И все же, хотя и спорили временами, отношения между соседями — дачи их стоят одна напротив другой, через дорогу — были, конечно, глубоко дружественные. Во всем главном они были единомышленники. И вместе добивались спасения Жореса Медведева. Победа, которой окончилось это дело, очень обрадовала Александра Трифоновича. Может быть, даже окрылила. И, может быть — не ручаюсь, не знаю, но есть смутная угадка, — вселила какую-то надежду на то, что и его дело еще не закрыто окончательно, еще переменится. Ведь было однажды: сняли с редакторства, потом призвали обратно. Участие Александра Трифоновича в вызволении Медведева, такое открытое и демонстративное, было актом мужества и независимости, ибо, по некоторым сведениям, Александра Трифоновича в связи с его шестидесятилетием в июне ожидала высокая награда — чуть ли не звание Героя Социалистического Труда. Все понимали, что теперь это вряд ли состоится.

День рождения Александра Трифоновича — двадцать первое июня. Это число особое. Самый длинный день в году. День начала войны. А в моей жизни число роковое: в ночь с двадцать первого на двадцать второе июня тридцать седьмого года был арестован отец. Был такой же жаркий солнечный день, такая же теплая ночь. Александр Трифонович дня за два пригласил меня прийти «выпить чайку». Я ломал голову: что подарить? Было дома старинное, лет полтораста, деревянное блюдо, расписанное каким-то народным мастером. Александру Трифоновичу подарок пришелся по душе. Он мне сказал потом:

— А ваша-то штука настоящая! Мне молодые сказали, они у меня художники, понимают.

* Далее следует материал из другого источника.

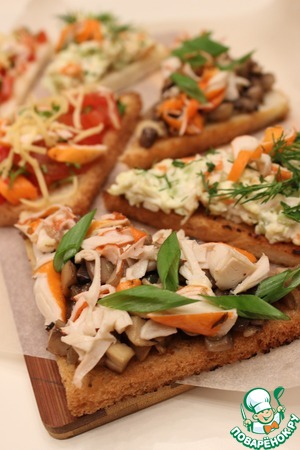 Быстрые тосты с крабовыми палочками "Краски лета"
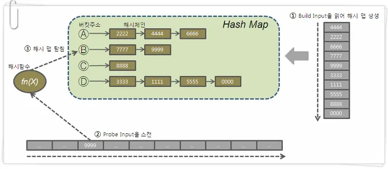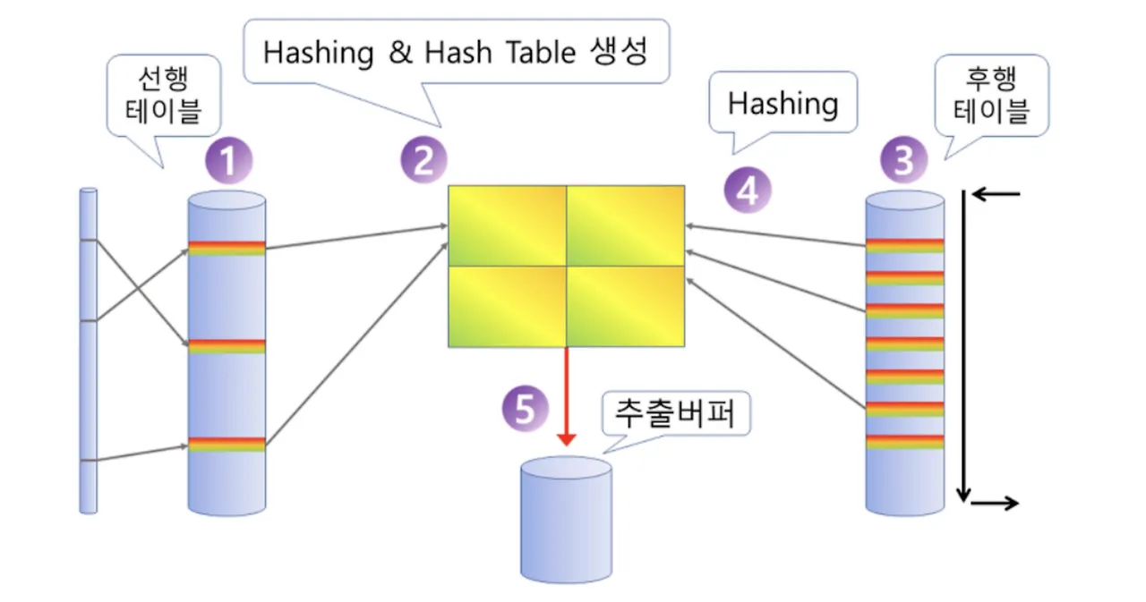 - 상대적으로 큰 테이블을 스캔해 각 값의 해시값이 존재하는지 확인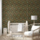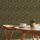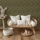 ヴィンテージアールヌーボーエレガントグリーン&金ゴールドパターン 壁紙

Мария Илларионовна, хлебосольная хозяйка, пригласила всех на веранду. Пришли друзья и добрые знакомые Александра Трифоновича из числа пахринских жителей: Верейские, Ильина с Реформатским, Дементьев, Тендряков, Фиш, Владимир Жданов, Бакланов, Антонов, Федоров, Дик, Гердт, приехали из Москвы Закс, Кондратович, еще кто-то. Накануне Александра Трифоновича навестили сотрудники «Нового мира», остававшиеся пока там работать: Берзер, Озерова, Бианки, Борисова, Койранская, Марьямов, Буртин и автор журнала, критик Левицкий. К этому времени уже сделалось чувствительным больное место, которое вскоре превратилось в открытую и тяжкую рану: момент сотрудничества с новой редколлегией. Женщины, приехавшие с самоваром, а также Марьямов и Буртин продолжали работать в аппарате, так же как Хитров и Дорош. Марьямов и Дорош подали заявления об уходе, но начальство просило их остаться. Они остались вопреки своей воле временно, на три или четыре месяца. Хитров тоже временно оставался ответственным секретарем. Буртин то подавал заявление, то брал его назад. До меня доносились слухи о том, что Марьямов и Дорош, а также женщины из отделов прозы и критики сурово осуждены кем-то из ушедших работников за то, что остались в журнале. Атмосфера была нервная. Кто-то с кем-то перестал здороваться, кто-то с кем-то порвал отношения. Осуждение честнейших Марьямова и Дороша, так же как полезнейших работников Берзер, Озеровой, Борисовой, представлялось мне несправедливостью. Казалось, вначале ее можно было объяснить только некоторой затуманенностью мозгов горячими парами обиды, что вполне объяснимо. Но время шло, а осуждение не гасло, наоборот, разгоралось. Тогда стало ясно, что подчас люди заботились не о деле, судьбы литературы отступали на второй план.